I have a 1:8 twist in my AR and it will stabilize the 70gr TSX and I love shooting those suckers. Just have to make sure I don't have too many "double taps", cause it gets real expensive real quick.


----------



## flyfisher117 (Jun 29, 2009)

gwailow said:


> If your gun has the 1:9 twist, you can shoot the Barnes 62gr TSX. Jump on their web-site for load data or call their tech support, they can definitely line you out.
> 
> I have a 1:8 twist in my AR and it will stabilize the 70gr TSX and I love shooting those suckers. Just have to make sure I don't have too many "double taps", cause it gets real expensive real quick.

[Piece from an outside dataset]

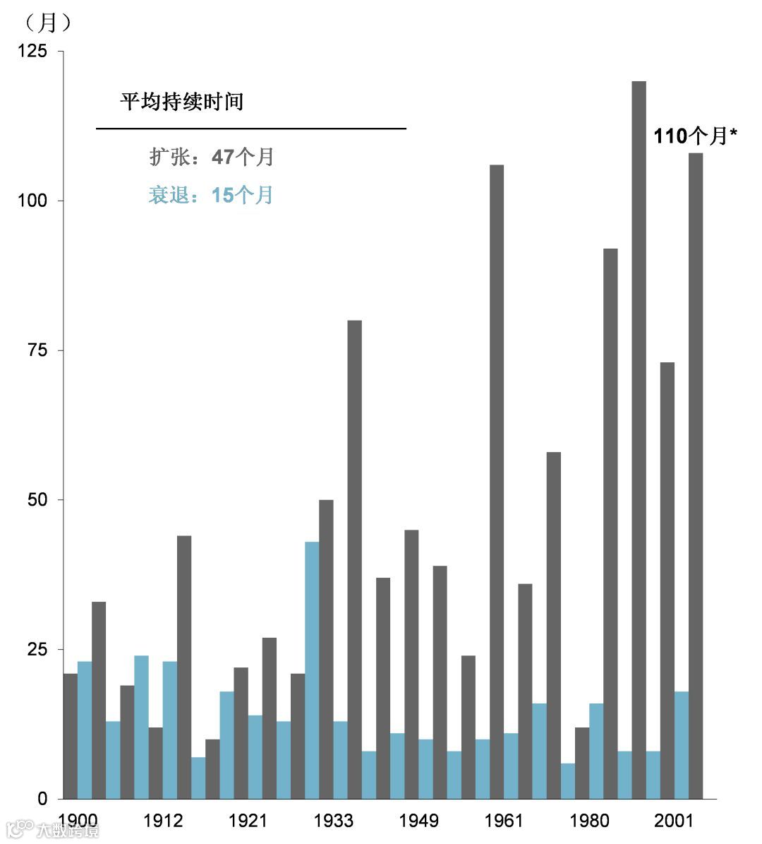 *110个月为本轮经济扩张从2009年7月开始持续至2018年8月的时间。经济扩张和衰退的数据由国民经济研究局网站(www.nber.org/cycles/)获得。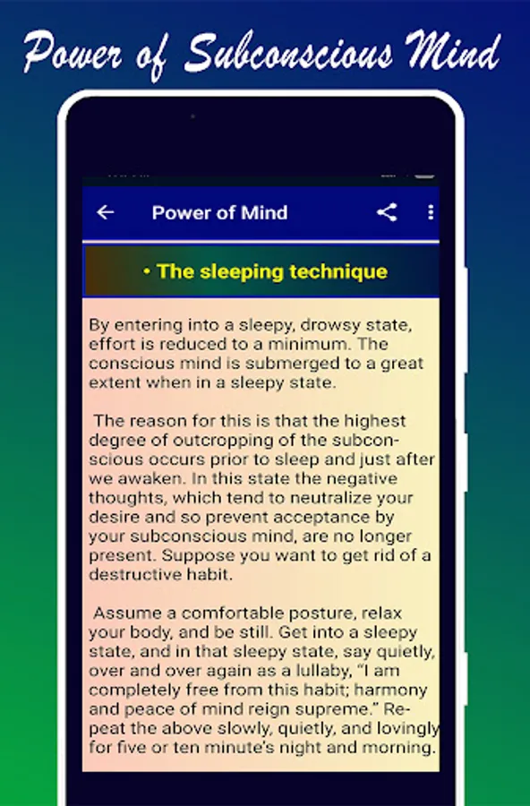The power of your mind COULD BE tremendous if you know your subconscious mind and how the subconscious mind works without your conscious. This Power of subconscious mind app allows mind power test with subconscious mind sleep.

I did see those barnes and im thinking about buying some and yes they wont be for plinking they will be used when need be lol


----------



## gwailow (Jan 20, 2008)

flyfisher117 said:


> gwailow said:
> 
> 
> > If your gun has the 1:9 twist, you can shoot the Barnes 62gr TSX. Jump on their web-site for load data or call their tech support, they can definitely line you out.
> ...


Here's a link to the load data, should be a good starting point for you anyways.
http://www.barnesbullets.com/wp-content/uploads/2008/01/223RemingtonWeb.pdf


----------



## Al Hansen (Sep 7, 2007)

I shoot a Savage Police Sniper in .223 with a 1/9 twist. 26 in. barrell. I use the Hornady Vmax 60 grn. bullet. Winchester 748 Powder at 25.5 grns. Deadly on P-dogs.


----------